MONDAY, June 18 (HealthDay News) -- New research shows that the number of prescriptions written for children has dropped by 7 percent in recent years.
Between 2002 and 2010, notable decreases occurred in antibiotic, cough/cold, allergy, pain and depression prescriptions, according to the study, which was conducted by the U.S. Food and Drug Administration. At the same time, there was a rise in the number of asthma, attention-deficit hyperactivity disorder (ADHD) and contraceptive prescriptions.
"Approximately 263 million prescriptions were dispensed to the pediatric population in 2010 -- 7 percent lower than the number of prescriptions dispensed in 2002," the study authors said, adding that the number of prescriptions written for children dropped by 2.4 million each year between 2002 and 2010.
During that time, however, the number of prescriptions written for adults increased by 22 percent, according to the study.
The findings were released online June 18 and are scheduled to appear in the July print edition of the journal Pediatrics.
The top 10 prescribed drugs for children 17 and under in 2010 included antibiotics, asthma medications and the pain reliever ibuprofen. Antibiotics accounted for approximately one-quarter of all prescriptions written between 2002 and 2010, according to the study.
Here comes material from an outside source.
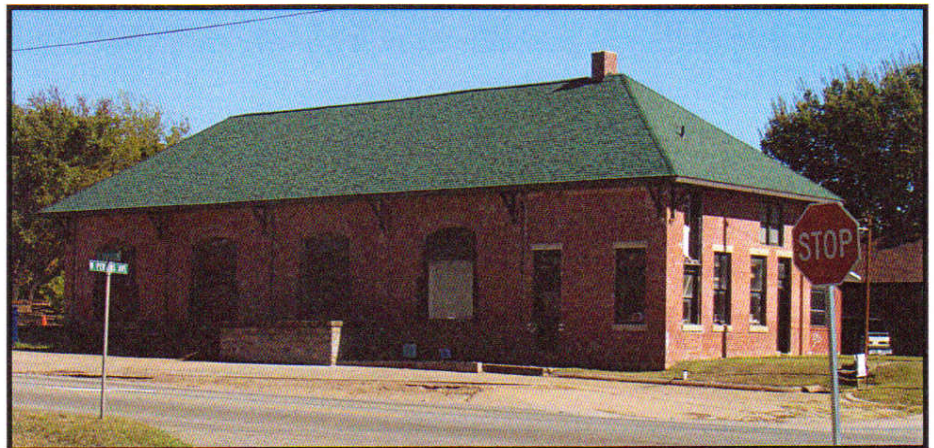
Rock Island Depot, S. Division Guthrie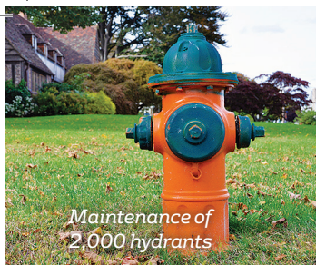
Maintenance of 2,000 hydrants

By 2010, however, the number of antibiotic prescriptions had decreased by 14 percent.
"This could potentially be good news. The antibiotic numbers are consistent with the efforts to decrease the use of antibiotics for upper respiratory infections," said Dr. Kenneth Bromberg, chairman of pediatrics at the Brooklyn Hospital Center in New York City.
He noted, however, that this particular study wasn't designed to tease out the reasons behind a change in medication use, only to determine whether a change occurred.